Video: Heartbleed Exploit - Discovery & Exploitation (Oktober 2024)
Berita minggu ini telah didominasi oleh diskusi tentang bug Heartbleed, yang memungkinkan peretas mengambil data langsung dari memori server aman yang terpengaruh. Data yang diambil dapat mencakup kunci enkripsi, kata sandi, dan data apa pun yang dikirim melalui saluran HTTPS yang seharusnya aman. Bug telah ada selama lebih dari dua tahun, dan karena serangan itu tidak meninggalkan jejak, kami tidak tahu berapa banyak itu telah dieksploitasi.
Siapa yang Rentan?
Penyihir kata sandi di LastPass telah menambahkan kerutan baru ke laporan Pemeriksaan Keamanan produk. Sekarang, selain menandai kata sandi yang lemah dan duplikat, itu mencantumkan situs yang Anda simpan yang rentan terhadap Heartbleed. Saya meminta sejumlah pengguna LastPass untuk mengirimi saya hasil laporan itu, hanya untuk mengetahui apa yang ada di luar sana.

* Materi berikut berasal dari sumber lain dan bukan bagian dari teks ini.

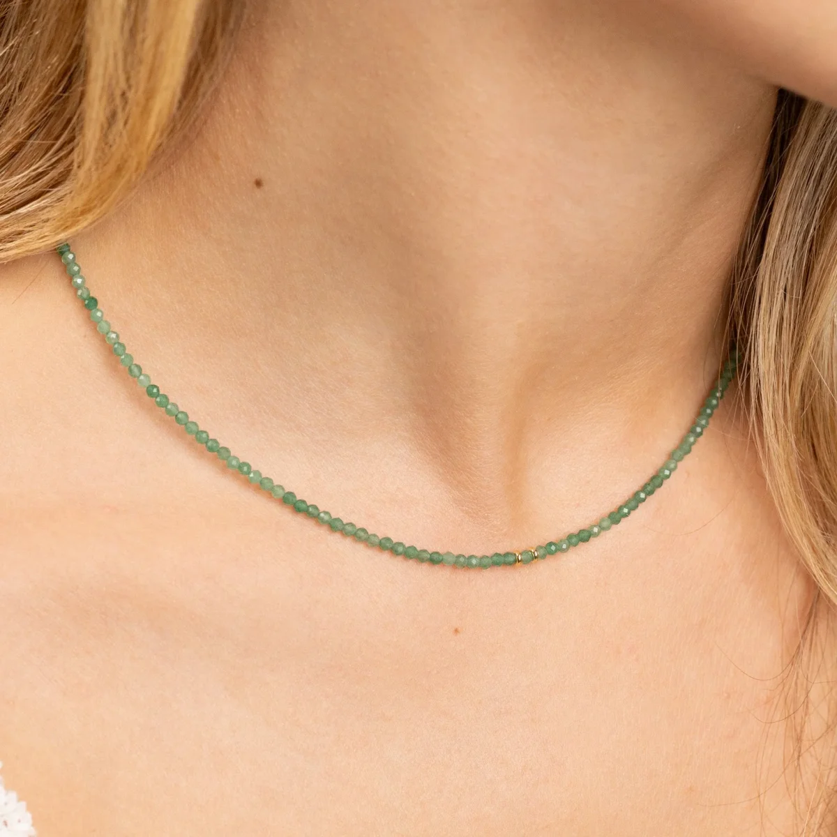 De fasettslipade aventurinstenarna skapar ett vackert spel i ljuset och ger ett elegant uttryck. Halsbandet kan bäras för sig självt för en stilren look eller kombineras med andra smycken för en mer personlig stil. Perfekt för dig som älskar smycken med naturliga färger och fina detaljer.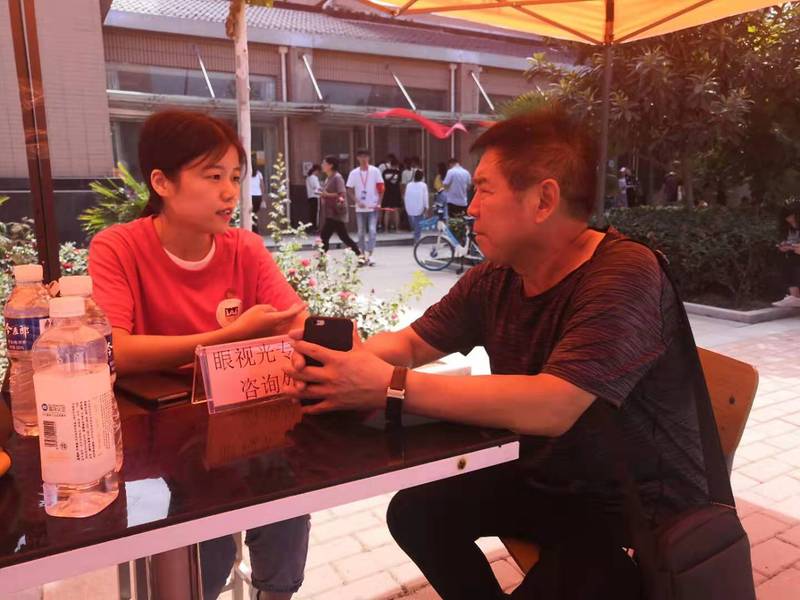 827日,我校迎来了充满朝气的2019级新生,光明眼科学院为学校迎新工作添砖加瓦,在行业学院党总支安排下,我院派遣了两位专业老师前往仁智书院迎新接待处,为眼视光专业新生及家长们解答专业疑惑,介绍专业特点。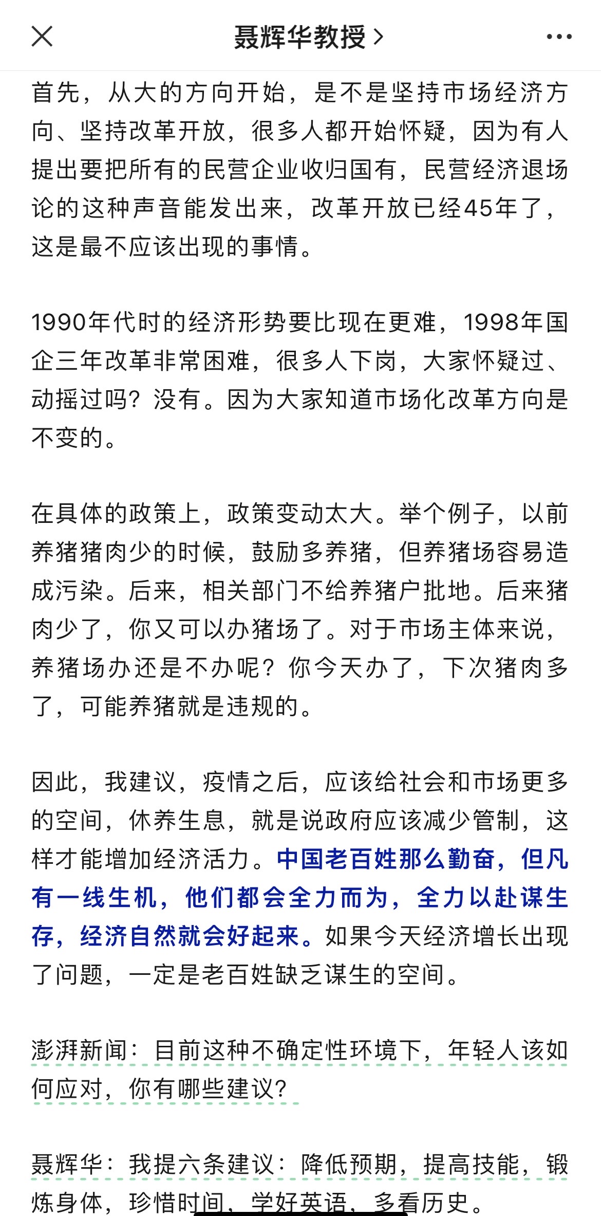 我提六条建议,降低预期,提高技能,锻炼身体,珍惜时间,学好英语,多看历史。

Saya memiliki lebih dari 200 kata sandi yang disimpan di LastPass sendiri. Hanya enam dari mereka yang dilaporkan rentan, dan dua sudah ditambal. Menambahkan hasil dari kolega saya, saya melihat 50 situs rentan, dengan 30 di antaranya masih belum ditambal.

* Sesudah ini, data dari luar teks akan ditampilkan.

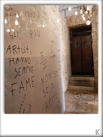 Nel corridoio che porta al bagno, troviamo delle scritte sul muro che ricordano quelle della scuola, tra cui la mia preferita: “Gli artisti hanno sempre fame“.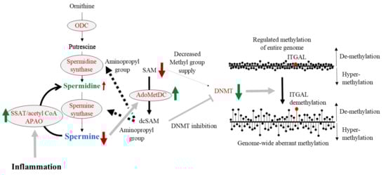 Due to the feedback mechanism, the activation of polyamine degradation by inflammation stimulates the enzymes of polyamine synthesis, and one of these enzymes, AdoMetDC, is also stimulated (Figure 5). Morrison LD et al. reported that autopsied brain of patients suffered Alzheimer’s disease showed an increase in the activity of AdoMetDC [294], also suggesting the involvement of chronic inflammation in the pathogenesis of the disease. AdoMetDC converts SAM to dSAM, and dSAM is used for polyamine synthesis. Thus, increased AdoMetDC activity decreases the SAM available for DNA methylation (Figure 5). Over the long term, this condition results in the progression of aberrant DNA methylation in the entire genome [295].
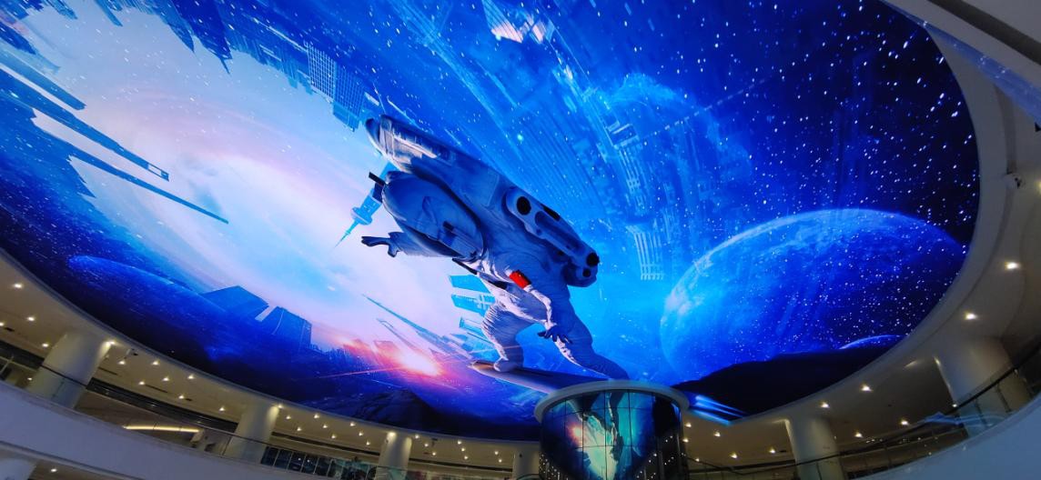 地下沉浸商業街被800多平方的LED天幕完整覆蓋,高清亮麗的顯示效果給當地人群帶來了震撼感受,夜幕降臨,氣勢恢宏,炫彩繽紛的天幕畫面,讓購物之旅、聚友約會更加浪漫、夢幻。待該商場開業后,有望形成常州一個網紅打卡地,真正做到了“一屏引動半坐城”的效果。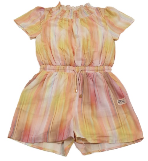 Žlto-ružový pruhovaný šifónový kraťasový overal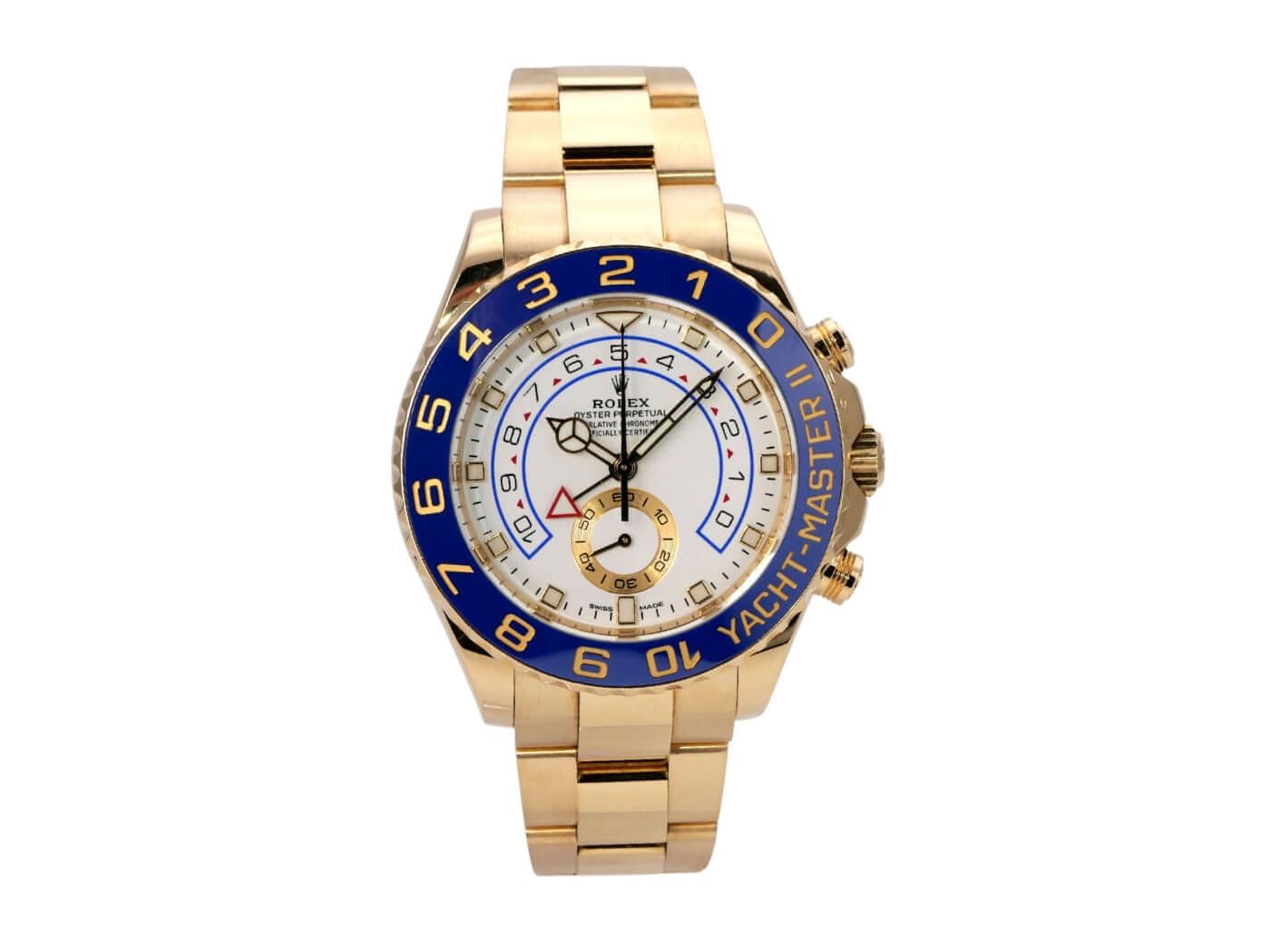 Rolex Yacht-Master II Yellow Gold 116688 from 2020 Case made of 18 kt yellow gold, polished and satin-finished, case diameter 44 mm, bezel made of 18 kt yellow gold with blue ceramic inlay, Oyster bracelet made of 18 kt yellow gold, polished and satin-finished with folding clasp, white dial with luminous indices and hands, automatic movement, Rolex manufacture caliber 4161 with 31 jewels, frequency 28,800 A/h, chronometer, small seconds display at 6 o'clock, scratch-resistant sapphire crystal, screw-down case back made of 18 kt yellow gold, water-resistant up to 10 bar. Pre-owned watch, very good condition, complete with box and papers, German delivery from 2020.

Laporan LastPass merekomendasikan Anda mengubah kata sandi Anda untuk situs yang telah ditambal untuk memperbaiki bug. Bagi yang lain, disarankan menunggu sampai setelah situs mengumumkan pembaruan, karena kata sandi baru Anda masih rentan. Bagi saya sendiri, saya sarankan menggunakan Heartbleed sebagai panggilan bangun untuk mengubah semua kata sandi Anda, memastikan setiap kata sandi itu kuat dan tidak ada dua situs yang menggunakan kata sandi yang sama. Anda harus mengganti kata sandi untuk situs yang masih rentan lagi setelah diperbaiki, tetapi mengubah semuanya sekarang meminimalkan potensi paparan.
Toko Top
Untuk pandangan lain, saya mengambil 20 situs belanja paling populer Alexa dan menjalankannya melalui beberapa tes online. Peneliti Filippo Valsorda menciptakan tes tidak lama setelah berita Heartbleed pecah. LastPass juga menyelenggarakan tes berdasarkan permintaan
Saya menemukan hasil tes Valsord agak membingungkan. Tes mengembalikan pesan kesalahan seperti "pipa rusak" atau "batas waktu i / o" untuk lima dari 20 situs yang saya coba. Sembilan situs mendapatkan tagihan kesehatan yang bersih, karena tes melaporkan mereka "tetap atau tidak terpengaruh." Enam yang tersisa mengembalikan pesan kesalahan karena fakta bahwa koneksi dialihkan ke jaringan pengiriman konten, dan sertifikat CDN tidak cocok dengan domain yang saya masukkan. Mencentang kotak untuk mengabaikan sertifikat mendapatkan semua ini hasil "tetap atau tidak terpengaruh", tetapi halaman pengujian memperingatkan ini mungkin hasil yang salah.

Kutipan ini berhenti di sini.